In France, they protested about rising retirement ages.  Across the globe in China, the country’s ageing population is expected to dent productivity and growth.

But it’s not only in the more prosperous corners of the world that governments are worrying about how to cope with the needs of increasingly older people.

Africa and the Middle East are usually seen as hotbeds for the young, with all the issues that can bring in terms of unemployment, migration and social unrest.

But a report by the African Development Bank today suggests growing old is a problem for Africa too.

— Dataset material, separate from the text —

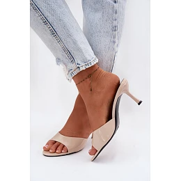 Lakované pantofle z imitace kůže na podpatku Béžové Melissea
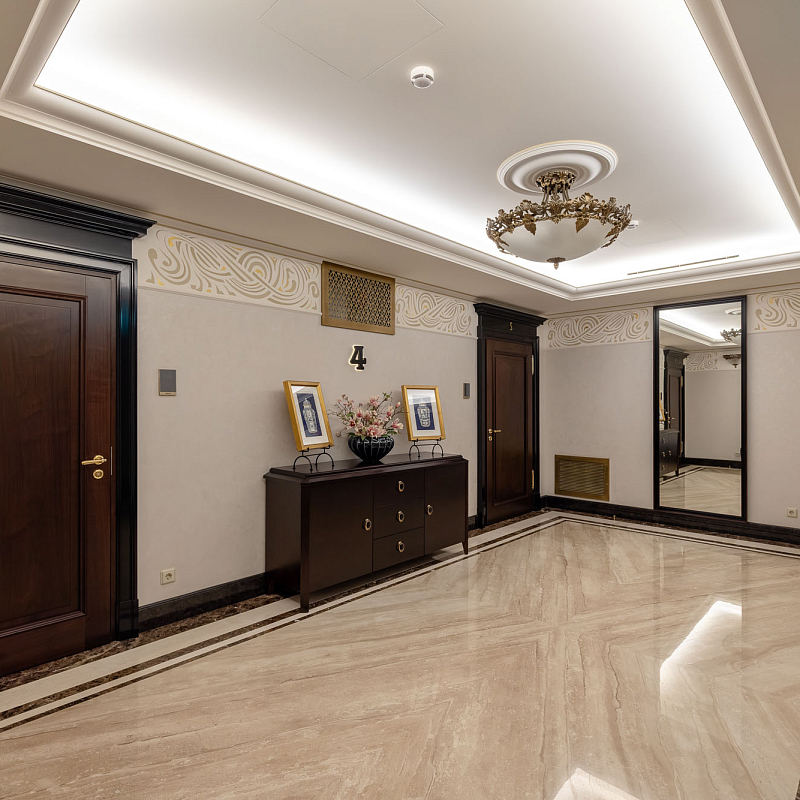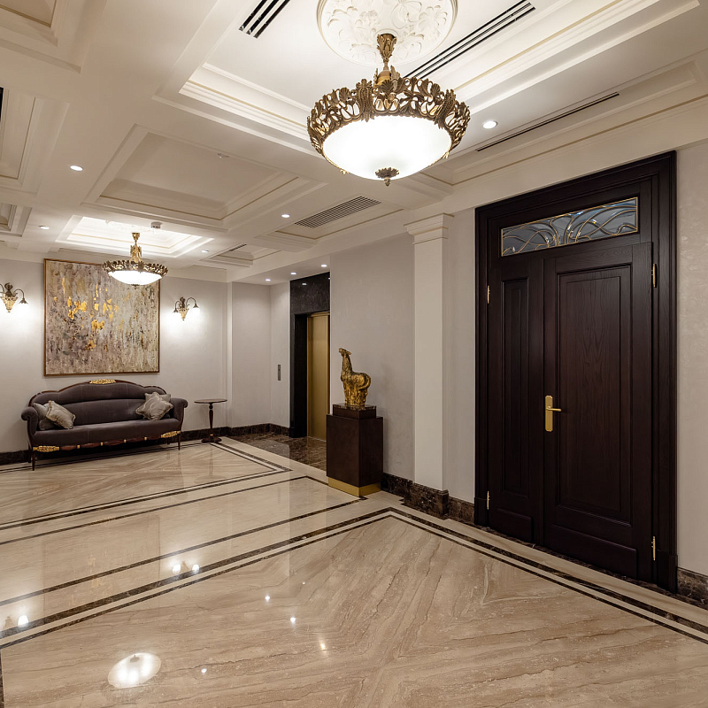 Элементы стиля модерн обретают свою ненавязчивую преемственность и в интерьере внутренних пространств, находя отражение в натуральных материалах отделки, орнаментах и современных колоннах.

According to the AfDB:

Africa’s population is ageing, just like in the rest of the world, but the continent’s governments are ill equipped to handle the growing number of older people. The percentage of people aged over 65 in Africa has grown to 3.6 percent in 2010 from 3.3 percent in 2000. It is a long-term phenomenon, having steadily grown over the last 40 years, and it will accelerate in coming years.

Better life expectancy is causing the change, but most African governments are spending too little on healthcare, the AfDB says. And while pension funds in the developed world are scrabbling around to secure high enough returns to pay out to pensioners, many older Africans do not have a pension.

No wonder African investors, particularly private equity firms, see some of the biggest growth in the continent in healthcare and financial services.